== ABOUT THIS EXERCISE ==
The entries must be set down again word for word; no pictures belong in the copy.

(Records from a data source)
########################################

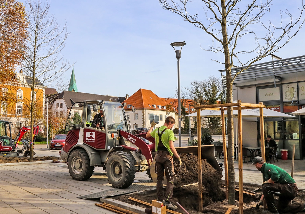 Nach der Fällung der alten Bäume wurden beide Baumscheiben von jeweils rund neun Quadratmetern auf knapp 17 Quadratmeter vergrößert. Die Flächen wurden bis zu einer Tiefe von 150 Zentimetern ausgekoffert und mit einem speziell gemischten Baumsubstrat verfüllt. Dieses besteht aus örtlichem Oberboden, steinigem Material sowie einer Beimischung von Aktivkohle zur Verbesserung der Wasserhaltefähigkeit, wie die Stadtverwaltung schreibt. Jeder neue Baum verfüge nun über einen durchwurzelbaren Raum von etwa 25 Kubikmetern – optimale Voraussetzungen für gesundes Wachstum und eine langfristige Entwicklung.
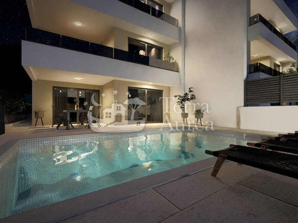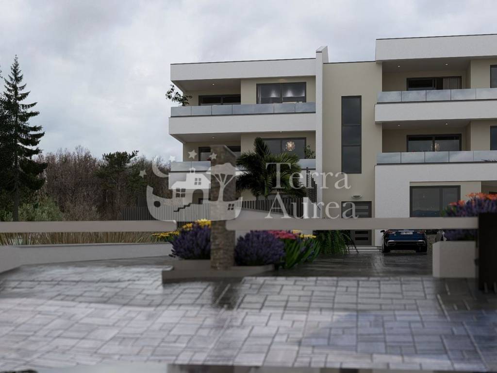 In a quiet and attractive part of Vrbnik, on the ground floor of a modernly designed building that blends perfectly into the natural environment, this exceptional property with a living area of 101.40 m2 is located.
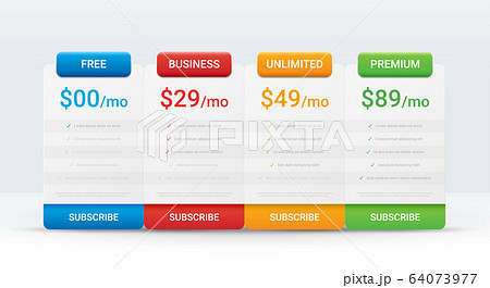 Comparison pricing list. Comparing price or product plan chart compare products busines
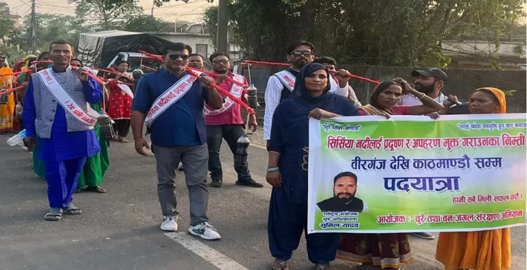 पर्सा, जेठ ६ । पर्साको सिर्सिया नदीलाई प्रदूषणमुक्त बनाउन चुरे तथा वनजङ्गल संरक्षण अभियानले वीरगञ्जदेखि काठमाडौँसम्मको पदयात्रा सुरु गरेको छ । सिर्सिया नदीलाई प्रदूषणमुक्त बनाउन सरकारलाई दबाब दिने उद्देश्यले अभियानका संयोजक सुनिल यादवको नेतृत्वमा अभियान्ता पैदलयात्रा सुरु गरेका हुन् । प्रदूषित सिर्सिया नदीको पानी बोकेर पैदलयात्रामा निस्केको अभियनता सरोजराय यादवले बताए।
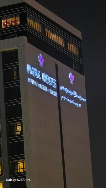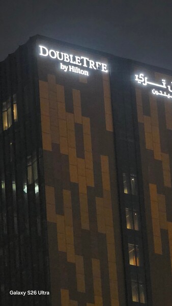 Keines dieser Fotos wirkt besonders bemerkenswert, wenn man andere aktuelle Kameras wie etwa jene des Vivo X300 Pro (hier bei Amazon erhältlich) gewohnt ist. Insbesondere bei Nacht wirken Samsungs 10x Telefoto-Shots recht flach, nun allerdings kontrastreicher und schärfer, wohl wegen der größeren Blende am 5x Telefoto. Die starken Artefakte rund um den Hotel-Schriftzug in einem Foto-Duo stören uns auf dem Galaxy S25 Ultra Foto-Sample jedenfalls mehr als beim Galaxy S26 Ultra, hier gibt's also potentiell gute Nachrichten in Sachen Optik.

########################################

== EXERCISE OUTPUT ==
 Nach der Fällung der alten Bäume wurden beide Baumscheiben von jeweils rund neun Quadratmetern auf knapp 17 Quadratmeter vergrößert. Die Flächen wurden bis zu einer Tiefe von 150 Zentimetern ausgekoffert und mit einem speziell gemischten Baumsubstrat verfüllt. Dieses besteht aus örtlichem Oberboden, steinigem Material sowie einer Beimischung von Aktivkohle zur Verbesserung der Wasserhaltefähigkeit, wie die Stadtverwaltung schreibt. Jeder neue Baum verfüge nun über einen durchwurzelbaren Raum von etwa 25 Kubikmetern – optimale Voraussetzungen für gesundes Wachstum und eine langfristige Entwicklung.
 In a quiet and attractive part of Vrbnik, on the ground floor of a modernly designed building that blends perfectly into the natural environment, this exceptional property with a living area of 101.40 m2 is located.
 Comparison pricing list. Comparing price or product plan chart compare products busines
 पर्सा, जेठ ६ । पर्साको सिर्सिया नदीलाई प्रदूषणमुक्त बनाउन चुरे तथा वनजङ्गल संरक्षण अभियानले वीरगञ्जदेखि काठमाडौँसम्मको पदयात्रा सुरु गरेको छ । सिर्सिया नदीलाई प्रदूषणमुक्त बनाउन सरकारलाई दबाब दिने उद्देश्यले अभियानका संयोजक सुनिल यादवको नेतृत्वमा अभियान्ता पैदलयात्रा सुरु गरेका हुन् । प्रदूषित सिर्सिया नदीको पानी बोकेर पैदलयात्रामा निस्केको अभियनता सरोजराय यादवले बताए।
 Keines dieser Fotos wirkt besonders bemerkenswert, wenn man andere aktuelle Kameras wie etwa jene des Vivo X300 Pro (hier bei Amazon erhältlich) gewohnt ist. Insbesondere bei Nacht wirken Samsungs 10x Telefoto-Shots recht flach, nun allerdings kontrastreicher und schärfer, wohl wegen der größeren Blende am 5x Telefoto. Die starken Artefakte rund um den Hotel-Schriftzug in einem Foto-Duo stören uns auf dem Galaxy S25 Ultra Foto-Sample jedenfalls mehr als beim Galaxy S26 Ultra, hier gibt's also potentiell gute Nachrichten in Sachen Optik.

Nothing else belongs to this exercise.